• **Provided records**:

--- --- ---

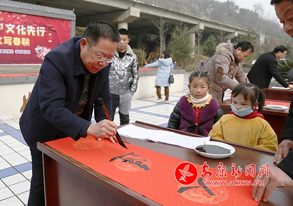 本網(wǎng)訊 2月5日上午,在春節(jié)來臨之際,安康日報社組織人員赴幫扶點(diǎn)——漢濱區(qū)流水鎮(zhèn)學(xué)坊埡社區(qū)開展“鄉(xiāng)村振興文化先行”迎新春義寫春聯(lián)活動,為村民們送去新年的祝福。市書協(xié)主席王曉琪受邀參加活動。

--- --- ---

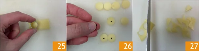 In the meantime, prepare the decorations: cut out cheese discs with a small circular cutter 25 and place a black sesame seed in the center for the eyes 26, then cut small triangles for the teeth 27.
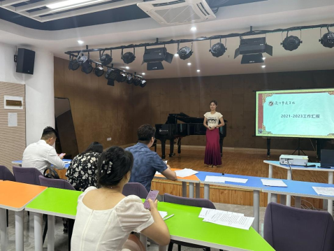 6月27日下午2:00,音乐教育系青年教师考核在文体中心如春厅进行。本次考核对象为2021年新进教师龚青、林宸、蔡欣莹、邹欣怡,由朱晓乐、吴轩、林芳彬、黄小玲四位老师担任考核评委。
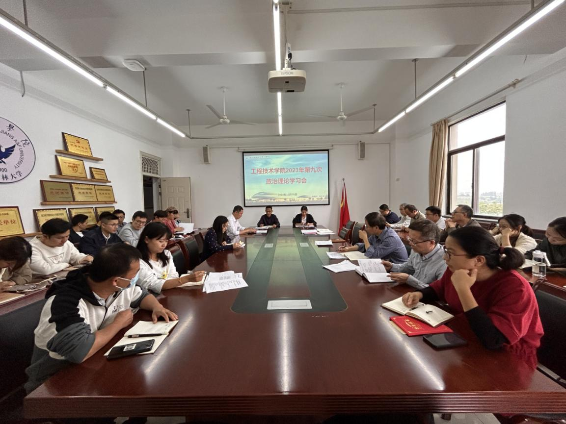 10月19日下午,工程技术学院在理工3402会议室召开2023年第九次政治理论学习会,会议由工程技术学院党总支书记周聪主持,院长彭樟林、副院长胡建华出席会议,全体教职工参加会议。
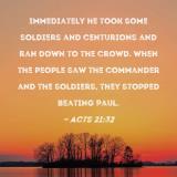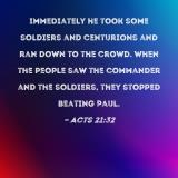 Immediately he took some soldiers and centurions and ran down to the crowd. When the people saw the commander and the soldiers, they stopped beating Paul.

--- --- ---

• **What is required**:
Going by the data above, give back only the lines from the one containing "6月27日下午2:00,音乐" through the one containing "Immediately he took", exactly as they stand, both ends included and no images.

• **Solution to the exercise**:
 6月27日下午2:00,音乐教育系青年教师考核在文体中心如春厅进行。本次考核对象为2021年新进教师龚青、林宸、蔡欣莹、邹欣怡,由朱晓乐、吴轩、林芳彬、黄小玲四位老师担任考核评委。
 10月19日下午,工程技术学院在理工3402会议室召开2023年第九次政治理论学习会,会议由工程技术学院党总支书记周聪主持,院长彭樟林、副院长胡建华出席会议,全体教职工参加会议。
 Immediately he took some soldiers and centurions and ran down to the crowd. When the people saw the commander and the soldiers, they stopped beating Paul.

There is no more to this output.